# Your goal
An exact copy of the listing is required, with its pictures removed.

[Source data]

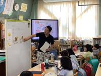 4年生の外国語活動の授業の様子です。「時刻や日課の言い方に親しもう」というめあての学習に取り組み始めました。このめあては、子供たちにとって学校の日常と密着した内容です。子供たちも興味深そうに学んでいました。
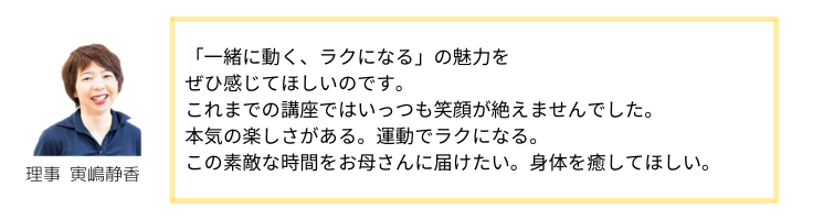 そのような不安やお悩みの解決の一助となれるよう、当団体理事である寅嶋静香は17年以上、これまで多くの産後の女性に対する運動講座を行なってきました。
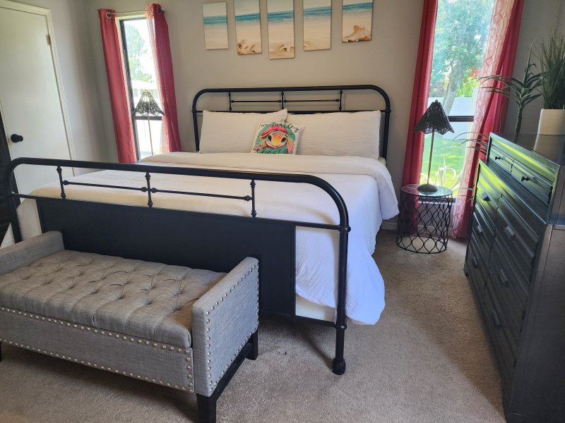 Only 8 blocks from the Atlantic Ocean, this bright and airy 3BR/2BA Jacksonville Beach home is your all-in-one beach retreat! Space highlights: • Fully equipped kitchen with Keurig, toaster, microwave, dishwasher • Three cozy bedrooms with Smart TVs • Two full baths (en suite in the owner’s suite) • Garage cave stocked with games, mini-fridge, and Bluetooth speaker-lights • Gigabit-speed WiFi throughout • Beach & outdoor fun: • Beach wagon loaded with chairs, boogie boards, and towels • Three bikes with locks for exploring Jax Beach • Fenced backyard with patio seating & firepit (firewood not included) Location perks: • 15-minute stroll to sun-kissed sand • Steps from South Beach Park & Sunshine Playground, local restaurants, shops, breweries, and the Jax Beach Pier • Short drive to Downtown Jacksonville events, concerts & The Players Championship Perfect for families, friends, and small dogs (up to 30 lbs). Pack your swimsuit and sunscreen—book now for sun-soaked days and starlit nights at Turtle Hut!

[/Source data]

# Answer space
 4年生の外国語活動の授業の様子です。「時刻や日課の言い方に親しもう」というめあての学習に取り組み始めました。このめあては、子供たちにとって学校の日常と密着した内容です。子供たちも興味深そうに学んでいました。
 そのような不安やお悩みの解決の一助となれるよう、当団体理事である寅嶋静香は17年以上、これまで多くの産後の女性に対する運動講座を行なってきました。
 Only 8 blocks from the Atlantic Ocean, this bright and airy 3BR/2BA Jacksonville Beach home is your all-in-one beach retreat! Space highlights: • Fully equipped kitchen with Keurig, toaster, microwave, dishwasher • Three cozy bedrooms with Smart TVs • Two full baths (en suite in the owner’s suite) • Garage cave stocked with games, mini-fridge, and Bluetooth speaker-lights • Gigabit-speed WiFi throughout • Beach & outdoor fun: • Beach wagon loaded with chairs, boogie boards, and towels • Three bikes with locks for exploring Jax Beach • Fenced backyard with patio seating & firepit (firewood not included) Location perks: • 15-minute stroll to sun-kissed sand • Steps from South Beach Park & Sunshine Playground, local restaurants, shops, breweries, and the Jax Beach Pier • Short drive to Downtown Jacksonville events, concerts & The Players Championship Perfect for families, friends, and small dogs (up to 30 lbs). Pack your swimsuit and sunscreen—book now for sun-soaked days and starlit nights at Turtle Hut!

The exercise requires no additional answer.